EASY METHOD:
Suppose that $(p,\omega_p)\in Q \equiv T^*(M)$, where $p \in M, \omega_p \in T_p^*(M)$, represents a point in the cotangent bundle $Q$ whose fibres are the cotangent linear spaces at each point in the base manifold.

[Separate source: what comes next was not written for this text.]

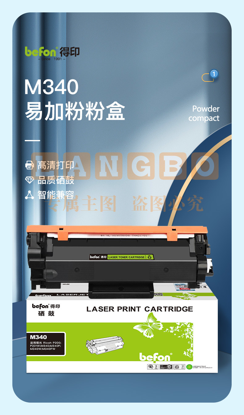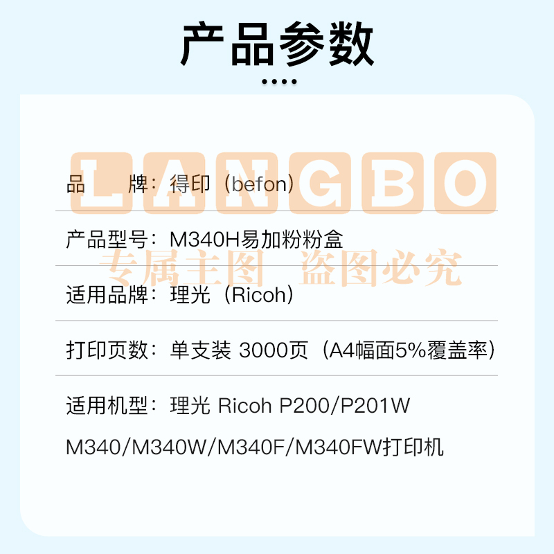 得印(befon) M340墨 可加粉3000页适用理光Ricoh p200/p201w M340FW M340F/P M340W/M多功能一体机

We have the canonical fibre bundle projection,
\begin{align*} \pi: \quad Q &\to M \\ (p,\omega_p) &\mapsto p \ \end{align*}
which induces the pullback of 1-forms,
\begin{align*} \pi^*: \quad \Omega (M) &\to \Omega (Q) \\ \omega &\mapsto \pi^*(\omega)\equiv \theta. \ \end{align*}
In local coordinates, if we write $ \omega = \sum_i \alpha_i \ \text{d}x^i $, then it is straightforward to compute the local representation of the pullback:
$ \theta = \pi^*(\sum_i \alpha_i \ \text{d}x^i) = \sum_i (\alpha_i\circ\pi) \ \pi^*(\text{d}x^i)\ ``=" \sum_i \alpha_i \ \text{d}x^i$
Note the quotation marks I used to emphasize that one should be careful about abuse of notation and use them smartly for convenience knowing that it should not be taken too literally.
ALTERNATIVE METHOD:
For a vector field $X \in \mathfrak{X}(Q)$, one could locally decompose it into a component parallel to the fibre $T_p^*(M)$ and another parallel to the base $M$ for each $p \in M$ :
$ X = \sum_j (X_{\parallel}^j\circ\pi)\frac{\partial}{\partial x^j} + \sum_i X_{\perp}^i \frac{\partial}{\partial \alpha^i} $
where we have again considered $ \omega = \sum_i \alpha_i \ \text{d}x^i $. By this decomposition, we mean that
$ \pi_*(X)= \sum_j X_{\parallel}^j \ \frac{\partial}{\partial x^j}$
And therefore, we have that
\begin{align*} \theta_{(p,\omega_p)}(X) = \pi_{(p,\omega_p)}^*(\omega_p)(X) &= \omega_p (\pi_{*_{(p,\omega_p)}}(X)) \\ &= \sum_i \alpha_i(p)\ \text{d}x^i (\sum_j X_{\parallel}^j(p) \ \frac{\partial}{\partial x^j}) \\ &= \sum_i (\alpha_i\circ\pi)(p,\omega_p)(X_{\parallel}^i\circ\pi)(p,\omega_p)\ \end{align*}
Thus: $ \theta (X) = \sum_i (\alpha_i\circ\pi) (X_{\parallel}^i\circ\pi) = \sum_i (\alpha_i\circ\pi) \ \pi^*(\text{d}x^i)(X) $
which is the same result that we convinced ourselves of before.